Du hast mich über Facebook gefunden. Eine dieser Freundesanfragen eines fremden Menschen, angenommen ohne Scheu oder groß darüber nachzudenken. Es folgte der übliche Small Talk – Wie geht es Dir, was machst Du so –, doch dem folgten schnell Komplimente. Du warst so interessiert und charmant; die persönliche Nachrichtenfunktion bekam endlich einen Sinn. Das Phänomen, sich Fremden oft einfacher anvertrauen zu können als den Menschen um uns herum, schuf bald ein Gefühl der Nähe. Der Blick ins virtuelle Postfach bekam etwas Aufregendes. Was früher auf dem Schulhof überbrachte Liebesbriefe waren, erste Boten des aufkeimenden, neuen Gefühls, bekommt man heute per E-Mail, inklusive Kribbeln im Bauch. Händchenhalten und schüchterne Küsse werden ersetzt durch das zaghafte Hervorblitzen lassen der Brustwarze in einem Videochat. Auf einmal ist man intim miteinander, auch wenn man in der Sicherheit des eigenen Zimmers nur selbst Hand anlegt. Trotzdem, diese Intimität fühlt sich echt an. Sie bedeutet etwas, erweckt Gefühle, auch wenn man einander nicht berühren kann.

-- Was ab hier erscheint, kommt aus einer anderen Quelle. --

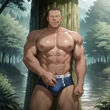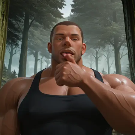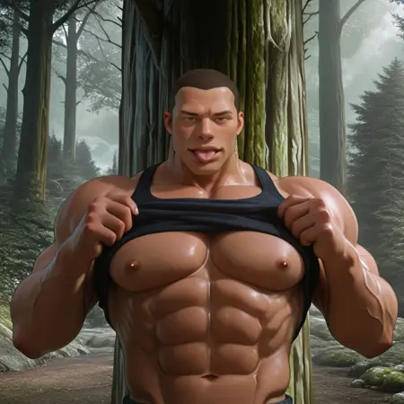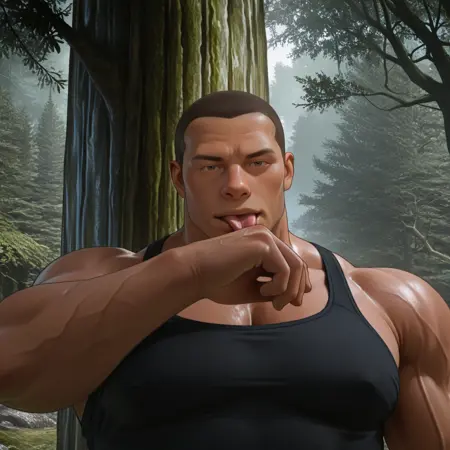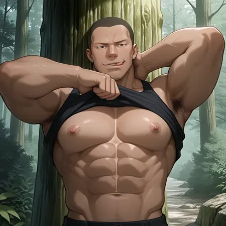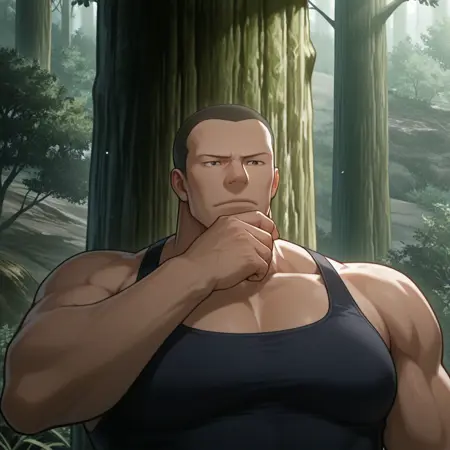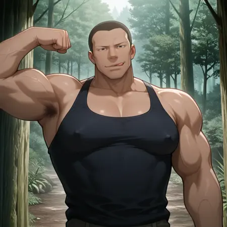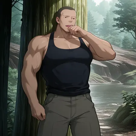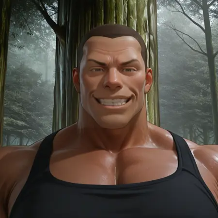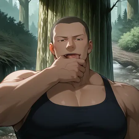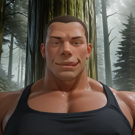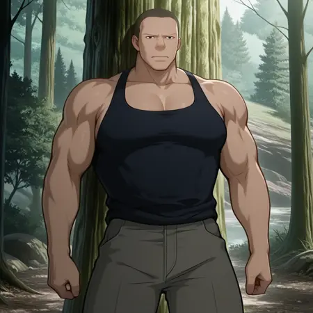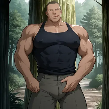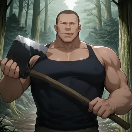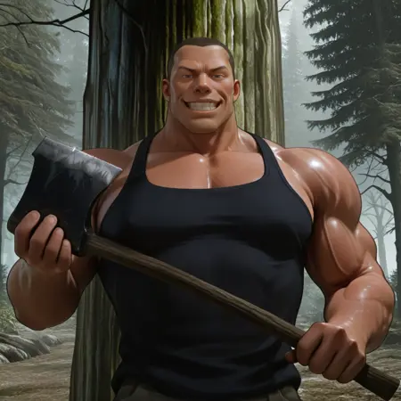 デフォルトの外見: 斧、ブラックタンクトップ、グレーのズボン

Deine Berührung; ich frage mich, wie sie sich anfühlen wird. Wie wird es sein, Dir von Angesicht zu Angesicht gegenüber zu stehen, ganz nah, und Deine Hände auf meiner Haut zu spüren? Wie riechst Du? Heute soll unser erstes Mal stattfinden. Mein erstes Mal. Vor mir liegt ein Weg, den ich bisher nie gegangen bin und den ich heute unbedingt beschreiten will. Ich hoffe, ich werde nicht zu aufgeregt sein. Vielleicht wird es mich erregen.